И дети понимали, что с классным руководителем можно по-доброму поговорить, мол, да погорячились. Это все-таки мальчики. Найдя общий язык, можно разойтись.
— А проблема буллинга? Она не острее в чисто мужской среде?
— Я бы так не сказал. Все же когда нет девочек, между ребятами есть какое-то единство, формируется братство. Да, бывают подколы, троллинг, но не слишком злой, так как нет соревновательного момента перед девушками, нет нужды покрасоваться… Да, порой мальчики самоутверждаются за счет буллинга, но тут если иерархия и выстраивается, то она не сопровождается издевательствами. В наше время особо такого не случалось. У меня был класс, который я выпустил, и за пять лет был только один случай, когда мальчик в 11-м классе подрался с учеником из другого класса. Между собой же, в классе, конфликтов вообще не было, хотя они и жили вместе, а потому может быть еще больше причин для конфликтов. Когда я сам учился, буллинг был, да. Сейчас — нет.
Кроме того, так как у нас лицей особый и дети одаренные, у нас было модно быть олимпиадником и достигать успехов. Скорее был троллинг детей, которые не могли ничего занять.
— Вы все-таки за то, чтобы существовали такие школы, где учеников разделяли по половому принципу?
— Я вижу в этом целесообразность и замечаю результаты. Ученики, которые у нас выпустились, стали хорошими семьянинами, успешно устроились, поступают в топовые вузы не только нашей страны, но и мира. Об этом говорит также большой ажиотаж при поступлении. В лицее №2 Казани, когда я там работал, каждый год мы открывали 50 мест, а поступали 300–500 человек. То есть все хотят туда поступить, это не только наше желание. В принципе у населения есть такой запрос. Если бы мест было больше, думаю, и поступало бы больше.
— В рядовой средней школе есть ли смысл такие эксперименты устраивать? Или все-таки это должна быть школа именно для одаренных детей?

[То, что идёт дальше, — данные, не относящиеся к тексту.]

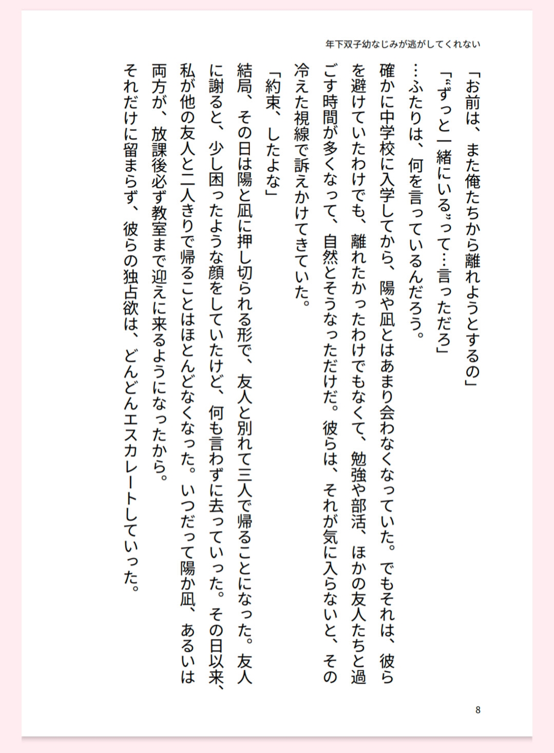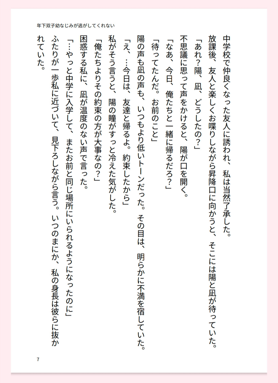 幼い頃から弟のように可愛がってきた双子たちだったが、一緒に過ごすうち、いつのまにか彼らの執着は度を越していた。

— Ну в общеобразовательных школах такие разделения делать, наверное, необязательно, тем более с учетом наших многолетних российских традиций. Все-таки это не настолько принято у нас, как, скажем, в некоторых восточных странах. У нас другие традиции, другой менталитет и делать все школы такими, очевидно, не нужно. Хотя на определенные слои населения такая схема разделения работает, и успешно, никаких проблем за столько лет существования. У нас случается так, что те, кто отучился в нашем лицее, потом приводят своих детей. Это тоже является показателем преемственности и конкурентоспособности лицея.
— Сколько таких учебных заведений у нас, в республике?
— В Татарстане таких около 30: Лицей Иннополис, IT-лицей, лицей-интернат №2 в Казани, 4-я гимназия для девочек, 12-я гимназия для девочек, лицей-интернат №7 и много других. Хотя IT-лицей в начале был только для мальчиков, затем там стали учиться и девочки, в инженерном изначально и девочки, и мальчики, как и в Иннополисе. Открыли в Богатых Сабах лицей-интернат, в Актаныше. В свое время даже хотели делать ассоциацию всех этих лицеев, чтобы они по единой методике работали.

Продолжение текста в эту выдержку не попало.